6. An image having a pixel group in a matrix arrangement in which three primary colors are allocated in a predetermined arrangement, a signal line is connected to each column of the pixel group, and a select switch is connected to each of the signal lines. During the line display period, which is a period excluding the blanking period of one horizontal scanning period, the pixel data of the three primary colors is sequentially supplied to the corresponding signal lines for each color, and the color for each pixel line is supplied to the display panel. An image driving method for a display panel, comprising:

 During the line display period, the enable pulse for supplying data to the signal line when displaying one of the three primary colors is supplied to the select switch of the corresponding signal line and turned on, and during the application period of the enable pulse for data supply Then, the select switch of the signal line corresponding to another color to be displayed later in the same line display period is turned on with a precharge pulse having a time width shorter than the supply time of the pixel data of the other color, and the other Pre-charge the signal lines of the colors

 The driving method of the image display panel.
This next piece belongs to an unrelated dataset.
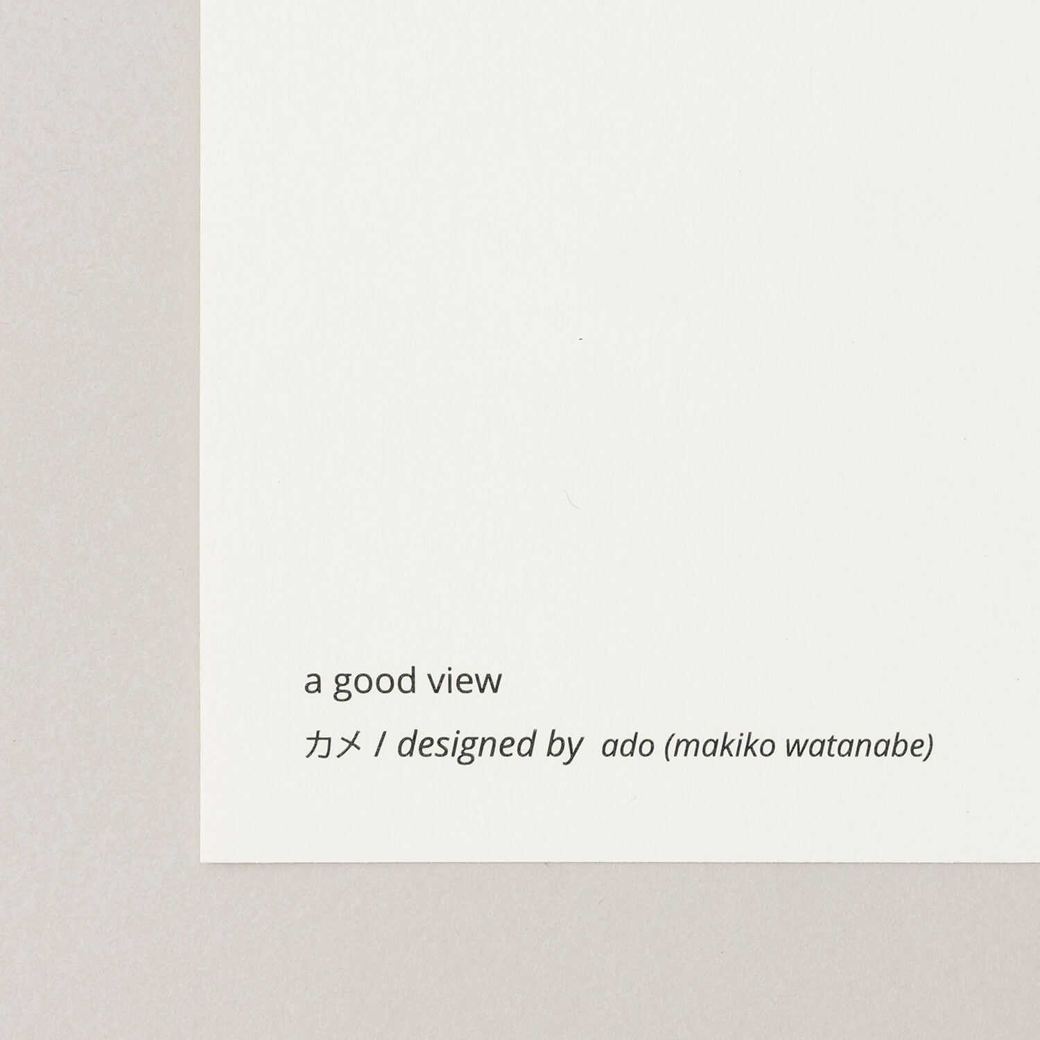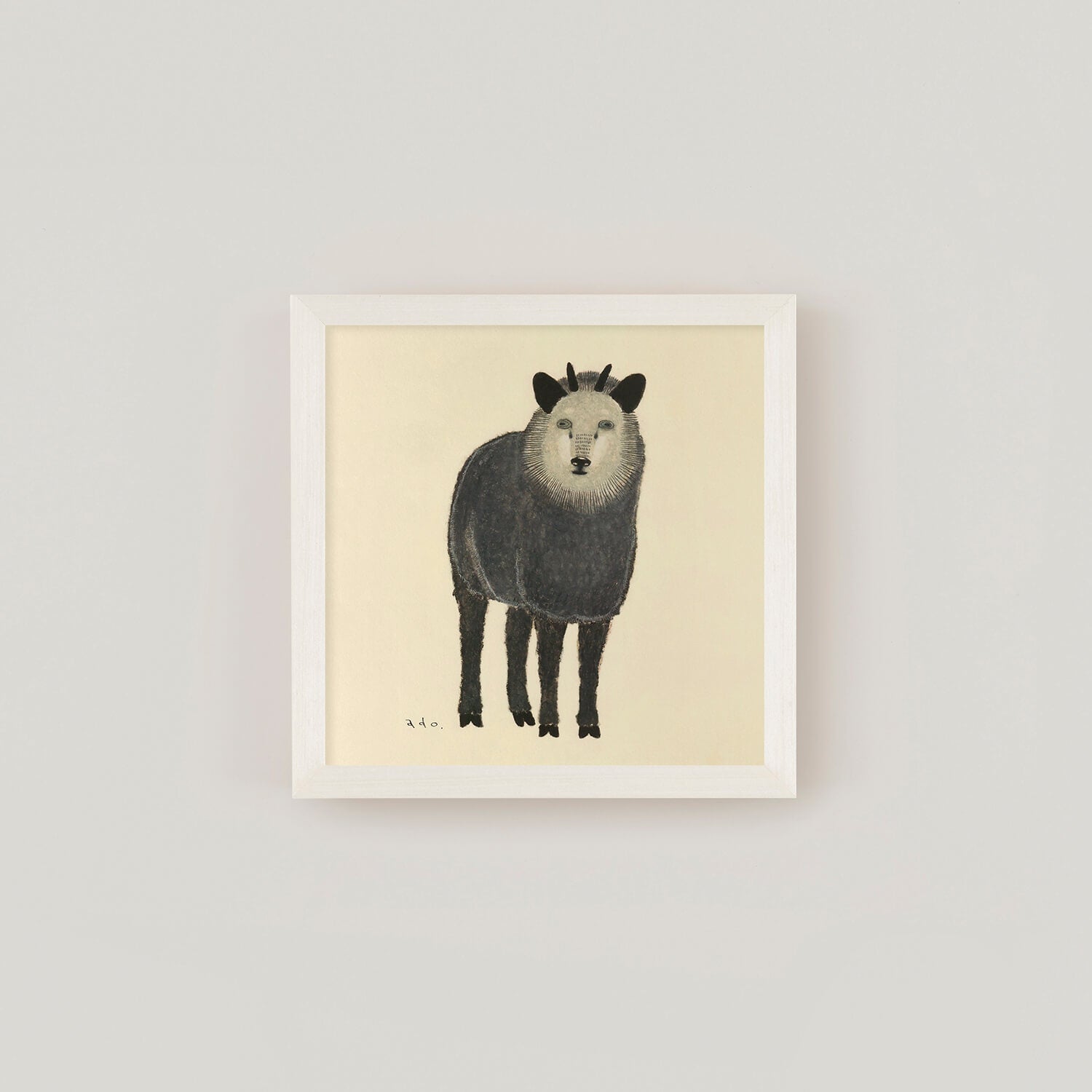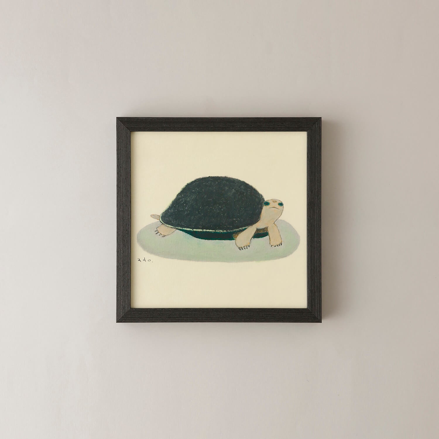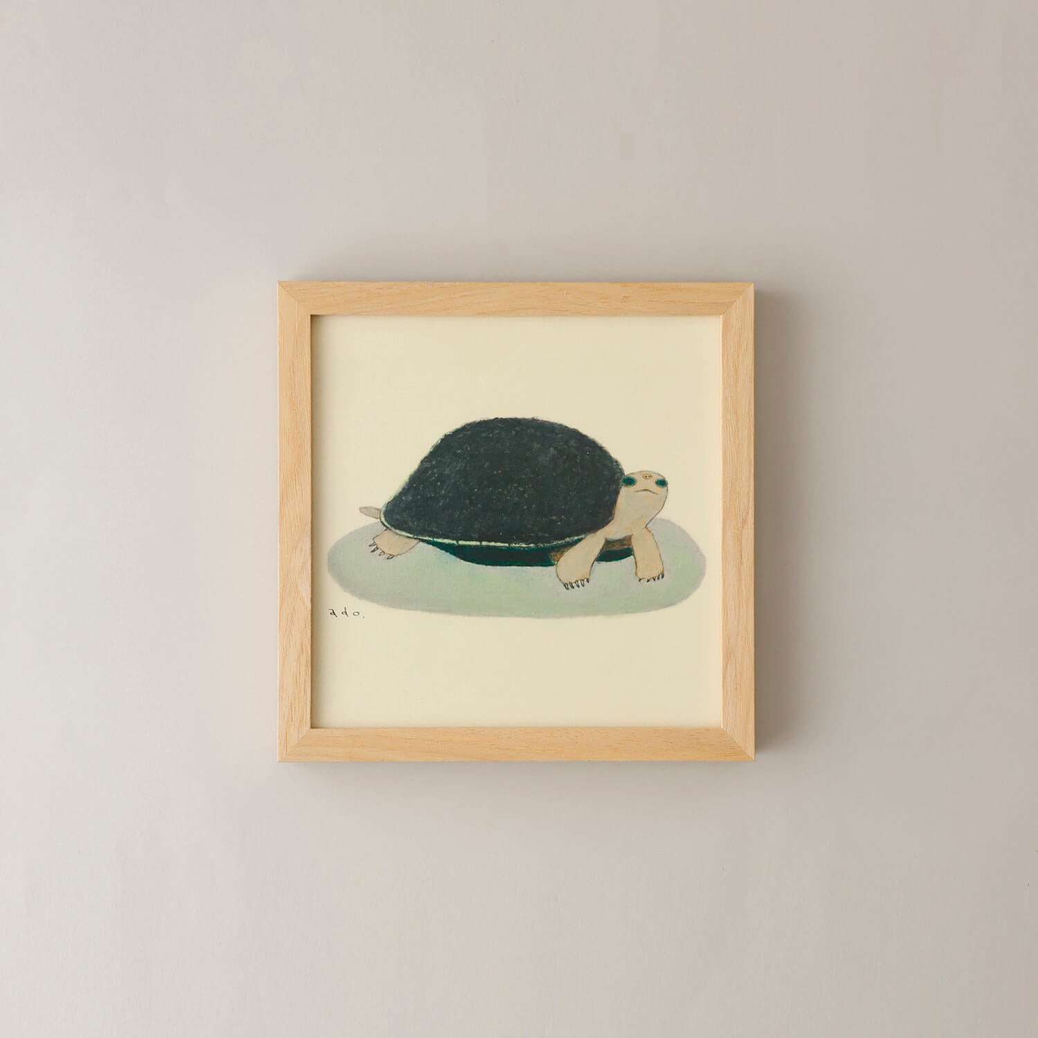 「イシガメ」がモデル。adoこと渡辺真希子さんが和紙にオイルパステル、色鉛筆、鉛筆などで描く生きものたちは、落ち着いた佇まいが特徴。まるで心で話しかけるみたいに、じっとこちらを見つめる目に、思わず引き込まれてしまいそうになります。

 7. The duration of the data supply permission pulse is short in the line display period 、, and the longer the pre-charge time, the longer the pre-charge pulse time is changed by changing the time width or number of the pre-charge pulse for the color displayed later.

 A method for driving an image display panel according to claim 6.

 8. Supply the precharge pulse for the precharge to the signal line corresponding to the color to be displayed first in the line display period during the blanking period located at the beginning of one horizontal scanning period.

 A method for driving an image display panel according to claim 6.